When you reach the line that contains "- end-end delay: propagation", begin copying exactly, and continue through the last line of the data; no pictures belong in the copy.
Input data section start
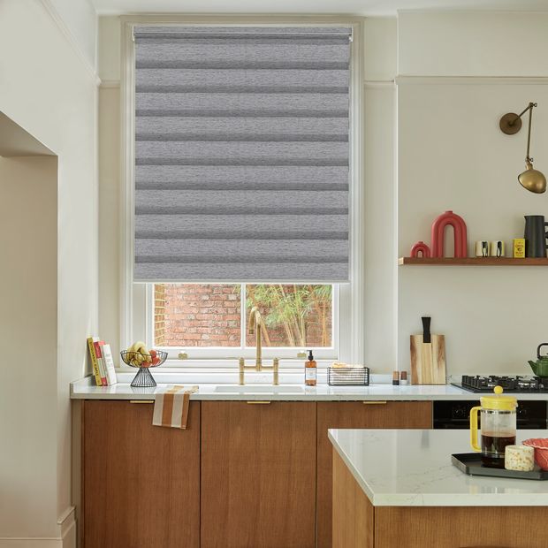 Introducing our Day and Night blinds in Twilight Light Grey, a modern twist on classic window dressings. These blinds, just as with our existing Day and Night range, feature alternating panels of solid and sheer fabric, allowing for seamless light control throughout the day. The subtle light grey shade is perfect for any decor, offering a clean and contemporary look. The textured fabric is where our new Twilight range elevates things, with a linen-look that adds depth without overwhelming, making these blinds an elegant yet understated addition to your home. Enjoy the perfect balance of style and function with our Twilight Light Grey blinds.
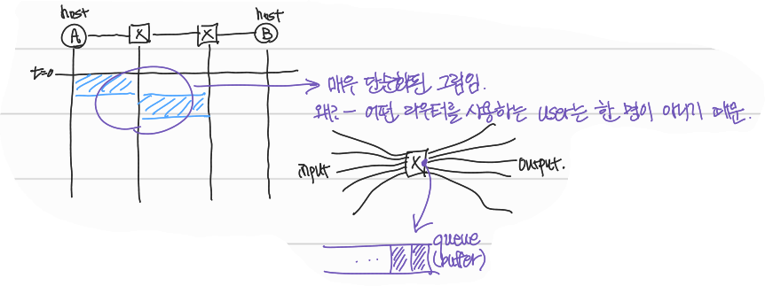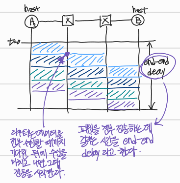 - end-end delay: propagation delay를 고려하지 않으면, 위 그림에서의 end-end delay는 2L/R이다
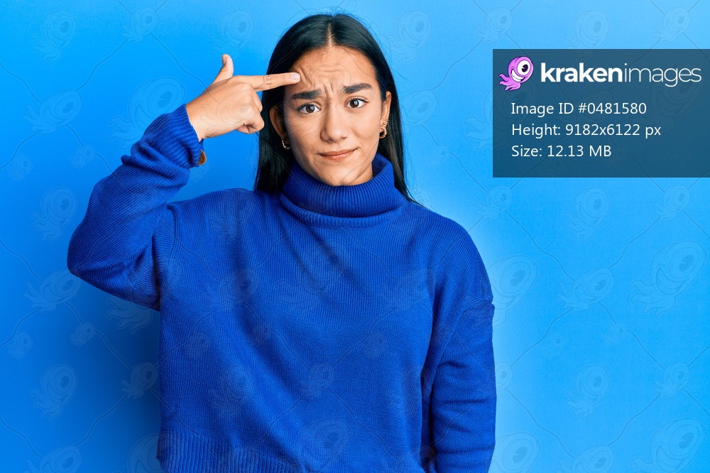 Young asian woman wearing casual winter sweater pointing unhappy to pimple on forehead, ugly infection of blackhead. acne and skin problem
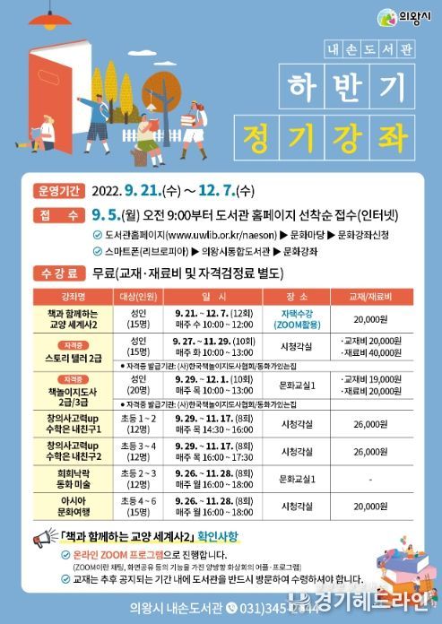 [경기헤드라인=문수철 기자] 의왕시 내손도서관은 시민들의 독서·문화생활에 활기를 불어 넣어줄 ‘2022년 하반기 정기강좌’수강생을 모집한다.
Input data section end
Finished task ->
 - end-end delay: propagation delay를 고려하지 않으면, 위 그림에서의 end-end delay는 2L/R이다
 Young asian woman wearing casual winter sweater pointing unhappy to pimple on forehead, ugly infection of blackhead. acne and skin problem
 [경기헤드라인=문수철 기자] 의왕시 내손도서관은 시민들의 독서·문화생활에 활기를 불어 넣어줄 ‘2022년 하반기 정기강좌’수강생을 모집한다.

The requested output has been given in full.